Work instructions: Repeat, exactly as written, the lines from the one with "チャンチンを用いた緻密な蝋け" to the final line of the listing, and keep every picture out.

Supplied information:
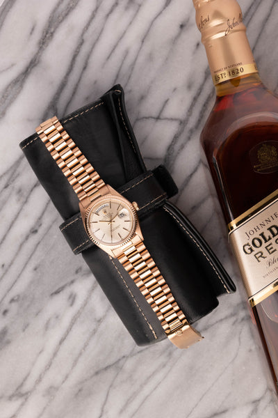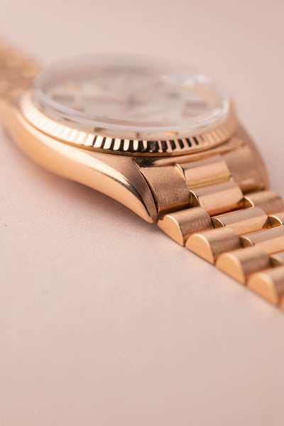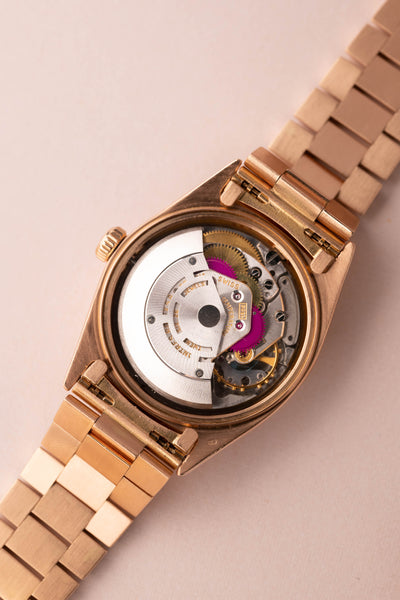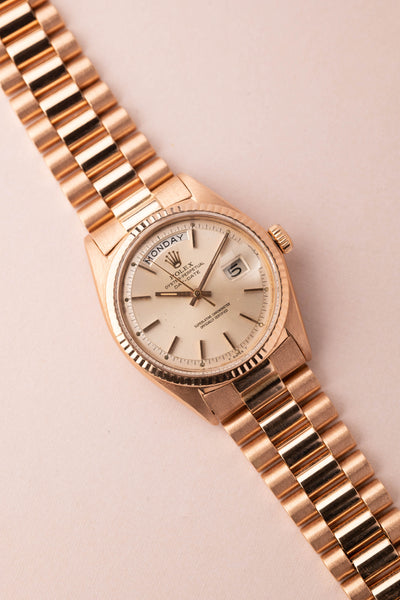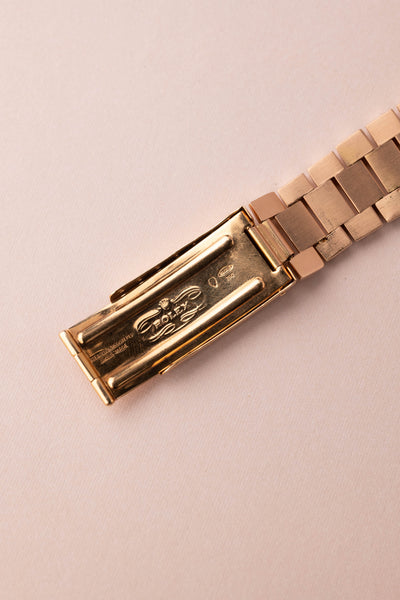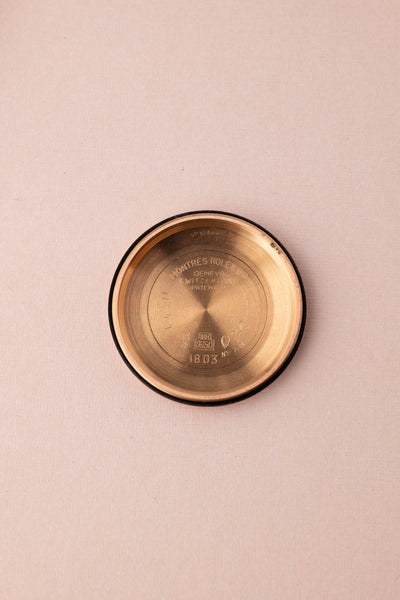 Description: A very early 1967 Rolex 1803 Day-Date made out of a very special Rose Gold alloy. These rose gold day-date variants are a unicorn in the 1803 world. Case has recently been polished but remains in excellent shape.
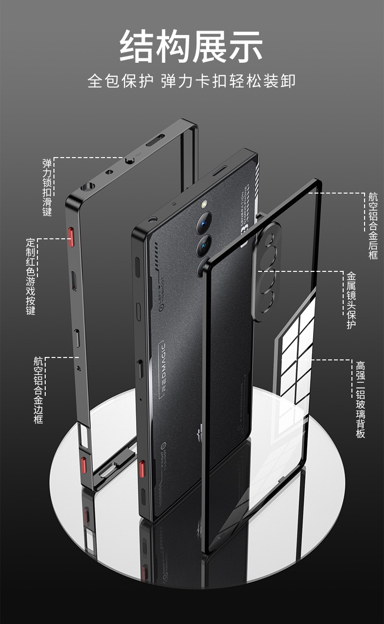 국경 간 응용 프로그램 Remagic Red Devils 8Spro 메탈 프레임 단면 스냅 버튼 휴대 전화 케이스 자기 보호 미러 Z50Ultra
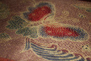 チャンチンを用いた緻密な蝋けつ染めにより、複雑な花紋や幾何学模様が鮮やかに描き出されています。
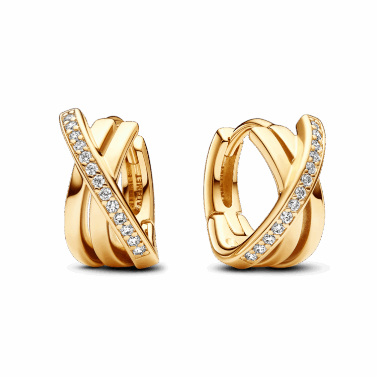 שדרי אלגנטיות מודרנית עם עגילי חישוק בציפוי זהב 14 קראט בצורת מעטפת ייחודית. העגילים מעוצבים בצורת X הנוצר על ידי רצועות מצטלבות. על גבי אחת מהרצועות משובצים זרקונים מנצנצים המוסיפים טאץ מדויק של גלואו. הדיטיילז הקטנים כמו הקווים המחורצים והלוגו החרוט של פנדורה הופכים את העגילים לשילוב מושלם של סטייל ותחכום.

Response area:
 チャンチンを用いた緻密な蝋けつ染めにより、複雑な花紋や幾何学模様が鮮やかに描き出されています。
 שדרי אלגנטיות מודרנית עם עגילי חישוק בציפוי זהב 14 קראט בצורת מעטפת ייחודית. העגילים מעוצבים בצורת X הנוצר על ידי רצועות מצטלבות. על גבי אחת מהרצועות משובצים זרקונים מנצנצים המוסיפים טאץ מדויק של גלואו. הדיטיילז הקטנים כמו הקווים המחורצים והלוגו החרוט של פנדורה הופכים את העגילים לשילוב מושלם של סטייל ותחכום.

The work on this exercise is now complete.